▸ **DATASET CONTENT**:
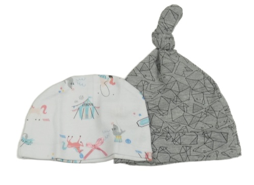 2x - Čepice - Biela s cirkusovými zvířátky, šedá melírovaná s medvedíkmi
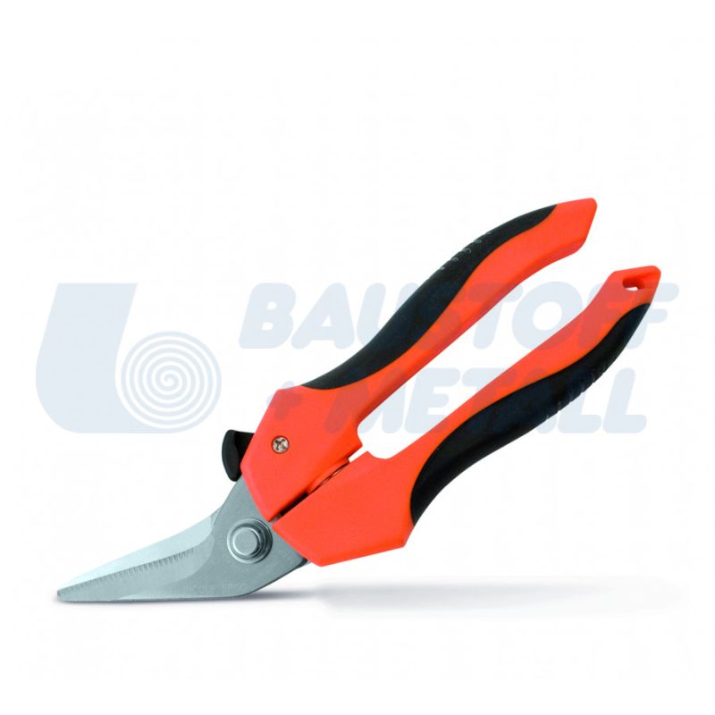 Ножица с наклонени остриета многофункционална EDMA PLURICOUP' ERGO, лека и удобна, с 42 mm полирани назъбени остриета от неръждаема стомана, ергономични дръжки и лесно за затваряне резе и с ъглови остриета за оптимален комфорт при рязане, производител EDMA Франция
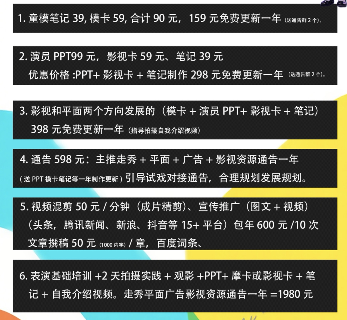 在上述家长采访中,儿童演员经纪人在演员和剧组之间充当了一个重要的沟通角色。蓝鲸科技记者以家长身份联系到山东一家演艺公司,经纪人聂洋表示,公司提供多种经纪合约,家长可以根据需求选择,他推荐称,多数家长选择598元套餐,包含一年的“走秀+平面+广告+影视资源通告”,引导试戏、对接通告,合理规划发展,并送模卡、个人介绍PPT制作。
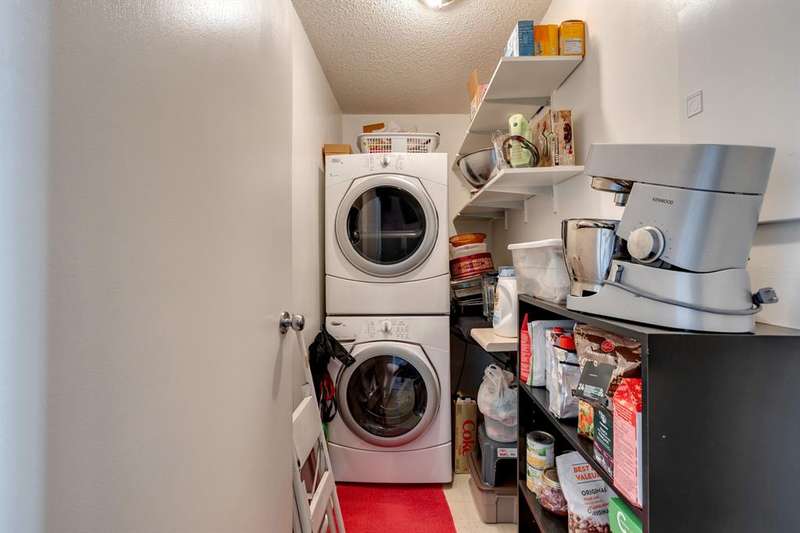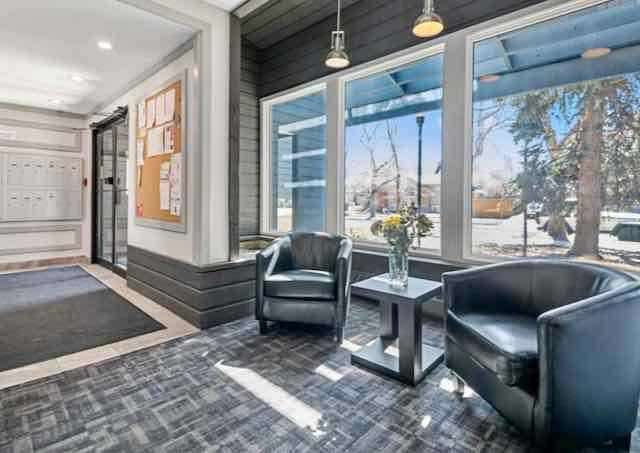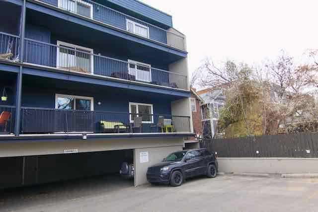 4 Storey Walkup building in the heart of Crescent Heights, just up the hill and overlooking downtown Calgary. This is one of the most beautiful areas in the City with mature trees, parks, restaurants, coffee shops and easy access to the transit system. This 2 bedroom unit has 828 sq', a spacious living room, cozy kitchen, in suite laundry, expansive deck and covered parking. There is only a half flight of stairs up to this unit from the entrance. There is a storage locker on the same floor. Well kept immaculate home. Bike storage and a roof top patio with outstanding city views. Pet friendly complex, 2 dogs or 2 cats or one of each allowed. Off leash park down at the end of the block. One Parking pass available from City of Calgary for $100/mth for street parking, but not where time restrictions are posted.

▸ **AIM OF THE EXERCISE**: Could you give all of the data again exactly as written, omitting any pictures?

▸ **EXERCISE RESULT**:
 2x - Čepice - Biela s cirkusovými zvířátky, šedá melírovaná s medvedíkmi
 Ножица с наклонени остриета многофункционална EDMA PLURICOUP' ERGO, лека и удобна, с 42 mm полирани назъбени остриета от неръждаема стомана, ергономични дръжки и лесно за затваряне резе и с ъглови остриета за оптимален комфорт при рязане, производител EDMA Франция
 在上述家长采访中,儿童演员经纪人在演员和剧组之间充当了一个重要的沟通角色。蓝鲸科技记者以家长身份联系到山东一家演艺公司,经纪人聂洋表示,公司提供多种经纪合约,家长可以根据需求选择,他推荐称,多数家长选择598元套餐,包含一年的“走秀+平面+广告+影视资源通告”,引导试戏、对接通告,合理规划发展,并送模卡、个人介绍PPT制作。
 4 Storey Walkup building in the heart of Crescent Heights, just up the hill and overlooking downtown Calgary. This is one of the most beautiful areas in the City with mature trees, parks, restaurants, coffee shops and easy access to the transit system. This 2 bedroom unit has 828 sq', a spacious living room, cozy kitchen, in suite laundry, expansive deck and covered parking. There is only a half flight of stairs up to this unit from the entrance. There is a storage locker on the same floor. Well kept immaculate home. Bike storage and a roof top patio with outstanding city views. Pet friendly complex, 2 dogs or 2 cats or one of each allowed. Off leash park down at the end of the block. One Parking pass available from City of Calgary for $100/mth for street parking, but not where time restrictions are posted.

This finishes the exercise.